Any major apps I'm missing?

------
DigitalSea
Samsung will never truly ditch the platform that helped it become the number
#1 mobile phone maker in the world, at least not in the next few years. While
Samsung undoubtedly have a plan for Tizen, swapping out Android for Tizen is
probably suicide right about now. Without Android, Samsung probably wouldn't
be in the place that they are right now: highly profitable and popular.

The average consumer doesn't buy a phone because of it's CPU, battery life or
operating system, they buy phones based on the number of apps in an app store.
The reason Apple were the number ones for so long is due to the fact they were
the first mobile phone manufacturer to have a decent app store. Sure Symbian
had app stores and before that you had stores where you could buy Java apps
for other phones, but nothing unified and supported by just one device
existed.

The only way Tizen will succeed is if they manage to build an app marketplace
that can rival Android or iOS: consumers want apps. As Microsoft and
Blackberry have shown, it's not easy releasing a new OS and getting developers
to spend time and money to build for yet another operating system and
marketplace with little market share in comparison to Android or iOS. The
Lumia 920 had some of the best hardware and camera around, but failed to reach
the masses because of the app store drama's.

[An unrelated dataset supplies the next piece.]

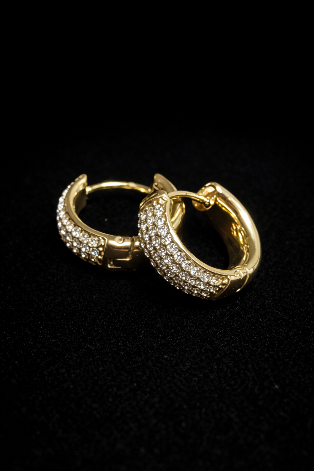 Eleganti cerchietti bombati in acciaio inossidabile, impreziositi da un fitto pavé di lucenti

Lets not forget the other side of the story here. Samsung are helping Android
out here as well, every time Samsung sells a phone it's currently benefiting
Android not hurting it. Currently it is in Ssamsung's best interests to see
Android succeed as it took what, five years for Android to be the dominant
player in the mobile space via it's quantity not quality approach in the early
days. Anything is possible here for either platform.

I foresee Samsung releasing Tizen phones and Android phones in the future,
then depending on the success of Tizen choosing to venture down a completely
Android-less path. Only time will tell what truly happens here, not conspiracy
theories.

I am a happy Samsung Galaxy S4 owner and I really like the TouchWiz additions
Samsung put over the top that make the phone more user-friendly and easier to
use. I don't see the additions as a degradation of the Android experience, I
actually prefer them and they're leaps and bounds more stable than the
additions in the S3 or S2 (which seems to contradict this article suggesting
Samsung want Android to fail).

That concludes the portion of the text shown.